* Task material *
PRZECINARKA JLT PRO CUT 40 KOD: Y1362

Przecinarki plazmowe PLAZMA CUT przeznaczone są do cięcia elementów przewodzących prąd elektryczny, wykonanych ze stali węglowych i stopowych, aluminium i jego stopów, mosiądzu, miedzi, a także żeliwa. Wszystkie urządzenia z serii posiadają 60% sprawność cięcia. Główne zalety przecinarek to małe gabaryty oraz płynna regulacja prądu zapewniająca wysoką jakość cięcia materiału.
---
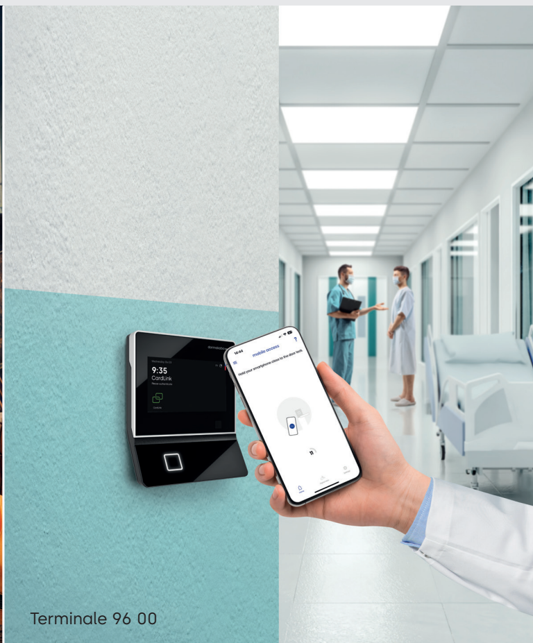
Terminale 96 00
--
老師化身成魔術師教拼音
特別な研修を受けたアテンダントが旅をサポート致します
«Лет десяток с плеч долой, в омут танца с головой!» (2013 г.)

* Instructions for the task *
Taking the entries above, restate exactly those lines that fall between the line with "特別な研修を受けたアテンダントが旅をサポート致します" and the line with "десяток с плеч", keeping both of those lines too.

* Written answer *
特別な研修を受けたアテンダントが旅をサポート致します
«Лет десяток с плеч долой, в омут танца с головой!» (2013 г.)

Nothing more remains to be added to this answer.